(1.) Revenue filed this appeal against the order of the Commissioner (Appeals) wherein adjudication order was set aside.
(2.) The relevant facts of the case, in brief, are that the respondents are engaged in the manufacture of motor vehicle parts classifiable under heading No. 8708 of the schedule to the Central Excise Tariff Act, 1985. They availed Cenvat credit on the basis of duty paid invoice issued by M/s. Allied Metal Technologies. It has been alleged that the respondents availed credit on the inputs namely HR/CR sheet after cutting and slitting process which does not amount to manufacture as declared by the Hon'ble Supreme Court in the case of UOI v. Faridabad Iron and Steel Traders Association, 2005 (181) ELT A68 (SC) and therefore they are not eligible to take credit on the basis of invoices issued after 2.3.2005. Original authority disallowed Cenvat credit of Rs. 1,55,625/ - and imposed penalty of Rs. 25,000/ - along with interest. Commissioner (Appeals) set aside the adjudication order. Hence Revenue filed this appeal.

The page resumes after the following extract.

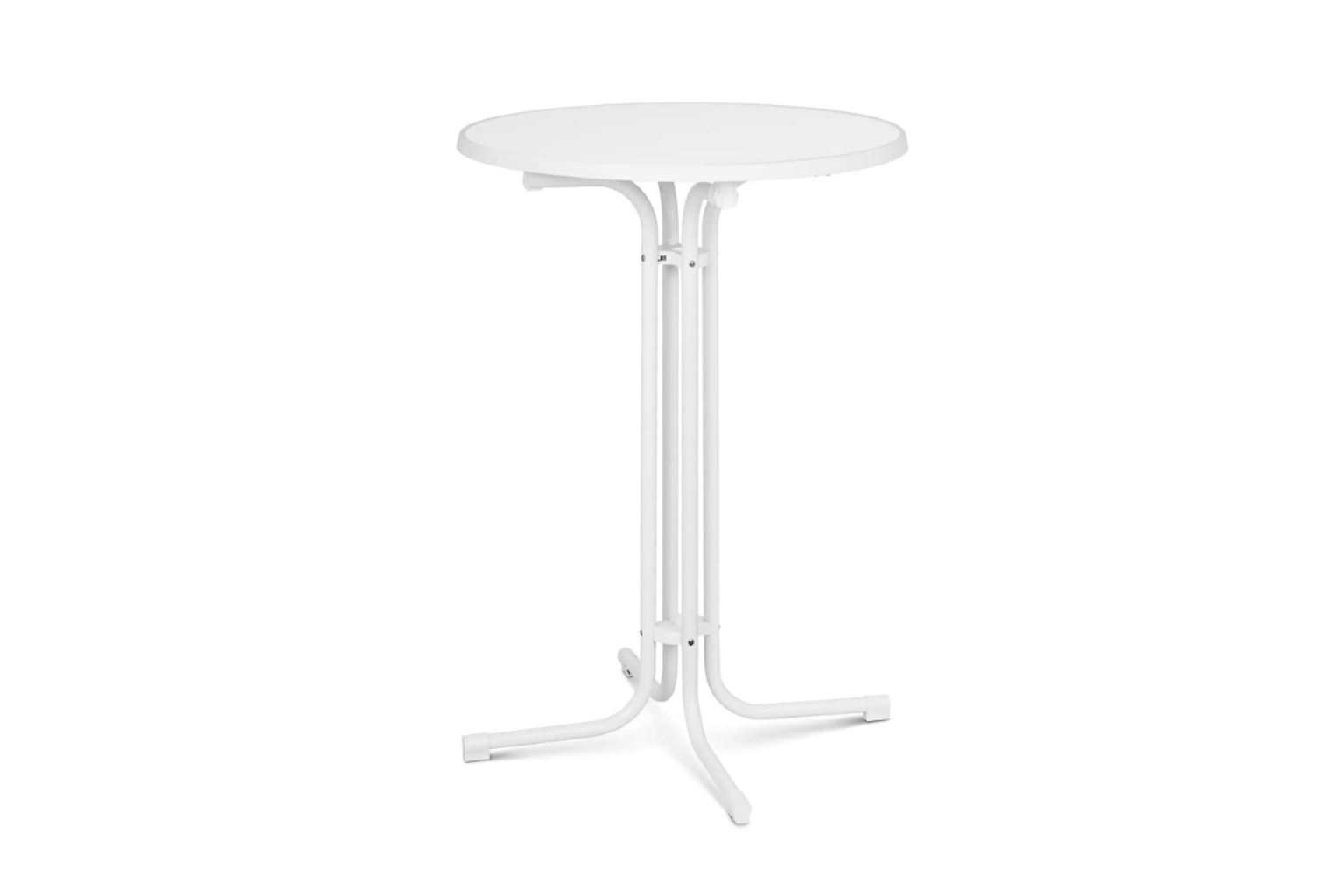 Stilvoller, klappbarer Stehtisch in Weiß (70 oder 80 cm) mit höhenverstellbaren Füßen für optimalen und sicheren Stand.

(3.) The learned DR on behalf of the Revenue reiterates the grounds of appeal. He submits that the process of cutting and slitting amounting to manufacture has been nullified by the Hon'ble Supreme Court in the case of Faridabad Iron and Steel Traders Association (supra). He further submits that inputs supplier M/s. Allied Metal and Technologies, was also working in the jurisdiction of the same Commissionerate of the respondent. It has been held that in the case of input supplier, credit is not admissible in respect of stock received after 2.3.05 vide adjudication order No. 11/KKJ/Adjn/2007 dated 31.5.2007 passed by the Commissioner of Central Excise, Delhi IV, Faridabad. He also submits that the inputs contained in the work in progress lying with the said inputs supplier as on 2.3.05 was reversed by them. He also submits that the respondent had taken credit on inputs received post 2.3.2005, which cannot be legally passed by the input supplier.